CrewManifest::open opens a cell born unborn: a fresh path reads back as CrewRecord { crew_id: "", members: [], created_at: 0 }. create(crew_id) mints a crew_<ULID> id (or honors an explicit one), stamps created_at, and refuses to overwrite an existing crew (Conflict). The empty string is the legal unborn sentinel — crew_id is deliberately not schema-required non-empty; the born-vs-unborn invariant is enforced by create and the private assert_born guard, which makes the other mutators refuse to operate on an unborn crew (Conflict), so a typo'd path can never silently grow a phantom crew.

impl CrewManifest {
    pub async fn open(path: impl AsRef<Path>) -> Result<CrewManifest, SwarmFault>;
    pub async fn create(&self, crew_id: Option<String>) -> Result<CrewRecord, SwarmFault>;
    pub async fn add_member(&self, draft: MemberDraft) -> Result<CrewMember, SwarmFault>;
    pub async fn remove_member(&self, id: &str) -> Result<Vec<CrewMember>, SwarmFault>;
    pub async fn get(&self) -> Result<CrewRecord, SwarmFault>;
    pub async fn members(&self) -> Result<Vec<CrewMember>, SwarmFault>;
}

add_member mints mbr_<ULID> (or uses the draft's id), appends to the end (preserving enrollment order), and rejects a duplicate id with Conflict; remove_member raises NotFound for an unknown id. Every mutator is a pure transform fed to cell.mutate, so concurrent roster edits serialize through the kernel guard.

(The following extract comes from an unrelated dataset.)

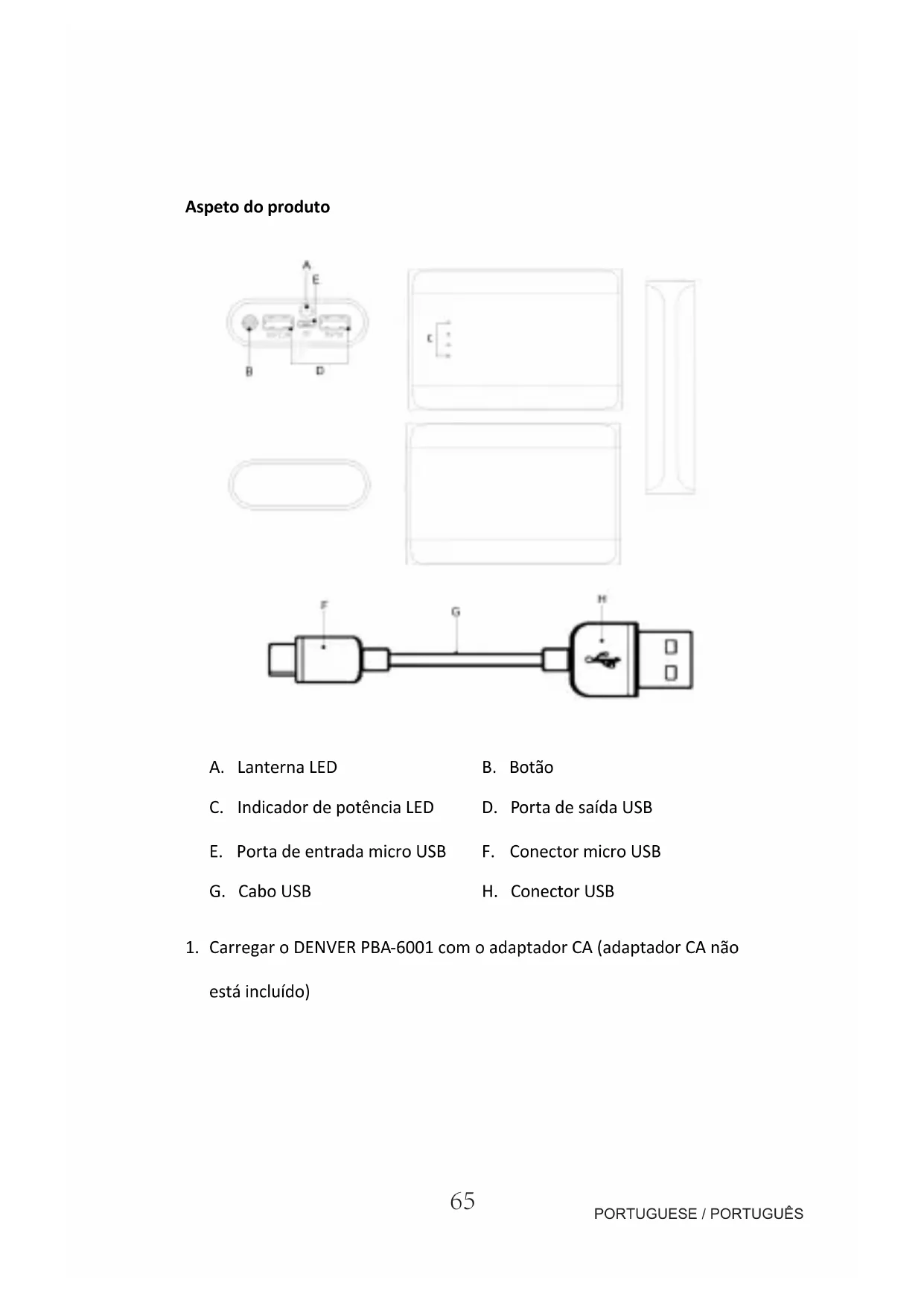 - Usar o cabo original do produto digital e ligar um dos terminais ao produto digital e o除外 terminal ao DENVER PBA-6001. Se o indicator da bateria (indicador de sina'da) acender, significa que o processo de correamento ja se iniciou. quando todos os indicadores acenderem, significa que o produto digital está totalmente carregado.

ModelPolicy is a small per-role model-selection table with total precedence: (1) an explicit member.model, (2) otherwise the table entry for member.role, (3) otherwise the configured fallback. Build it with ModelPolicy::of(table, fallback); resolve with for_member(member), model_for_role(role), or list roles().

CrewToolCollection mirrors the named collections the capabilities layer publishes (ReadOnly / Coding / All, serialized kebab as read-only / coding / all); it is kept local to the roster rather than imported, so the roster shape stays self-contained.

The workboard

workboard/board.rs is the swarm's shared, durable task store: one Ticket lifecycle plus a first-class dependency relation, all in one JSON file mediated by JsonCell<BoardState>, so every mutation is a single guarded read-modify-write.

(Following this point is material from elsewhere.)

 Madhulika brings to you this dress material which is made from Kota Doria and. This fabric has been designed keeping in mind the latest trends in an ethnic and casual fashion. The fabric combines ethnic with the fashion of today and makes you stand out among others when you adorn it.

#[derive(Clone, Copy, Serialize, Deserialize)]
#[serde(rename_all = "lowercase")]
pub enum TicketStatus { Open, Claimed, Blocked, Done, Failed }

#[derive(Clone, Serialize, Deserialize)]
pub struct Ticket {
    pub id: String,            // tkt_<ULID>
    pub title: String,
    pub body: String,
    pub status: TicketStatus,
    #[serde(default, skip_serializing_if = "Option::is_none")] pub assignee: Option<String>,
    pub deps: Vec<String>,
    #[serde(default, skip_serializing_if = "Option::is_none")] pub result: Option<String>,
    #[serde(default, skip_serializing_if = "Option::is_none")] pub error: Option<String>,
    #[serde(default, rename = "blockReason", skip_serializing_if = "Option::is_none")]
    pub block_reason: Option<String>,
    #[serde(rename = "createdAt")] pub created_at: u64,
    #[serde(rename = "updatedAt")] pub updated_at: u64,
}

The lifecycle is open → claimed → done | failed plus a blocked side-state. The writes:

impl TicketBoard {
    pub async fn open(path: impl AsRef<Path>, now: Option<Clock>) -> Result<TicketBoard, SwarmFault>;
    pub async fn add(&self, draft: TicketDraft) -> Result<Ticket, SwarmFault>;
    pub async fn claim(&self, id: &str, member: &str) -> Result<Ticket, SwarmFault>;
    pub async fn complete(&self, id: &str, result: &str) -> Result<Ticket, SwarmFault>;
    pub async fn fail(&self, id: &str, err: &str) -> Result<Ticket, SwarmFault>;
    pub async fn block(&self, id: &str, reason: Option<&str>) -> Result<Ticket, SwarmFault>;
    pub async fn unblock(&self, id: &str) -> Result<Ticket, SwarmFault>;
    // reads:
    pub async fn get(&self, id: &str) -> Result<Option<Ticket>, SwarmFault>;
    pub async fn list(&self, status: Option<TicketStatus>) -> Result<Vec<Ticket>, SwarmFault>;
    pub async fn ready(&self) -> Result<Vec<Ticket>, SwarmFault>;
}

add mints a tkt_<ULID> id, de-duplicates deps (first-seen wins), and admits the ticket open at the injected clock value (Clock is Arc<dyn Fn() -> u64 + Send + Sync>, defaulting to wall-clock epoch ms). Every declared dep must already name a board ticket (dangling → NotFound); the graph is rebuilt including the newcomer and the insert is rejected with Conflict if first_cycle() finds a loop — so neither a phantom dependency nor a cycle ever reaches disk. claim is atomic: the status check and the write live in one guarded transform, so two members racing for the same ticket cannot both win (the loser gets Conflict). complete/fail require a claimed ticket; block preserves the assignee; unblock returns a blocked ticket to open, clearing its assignee and block reason. Every transition stamps a fresh updated_at.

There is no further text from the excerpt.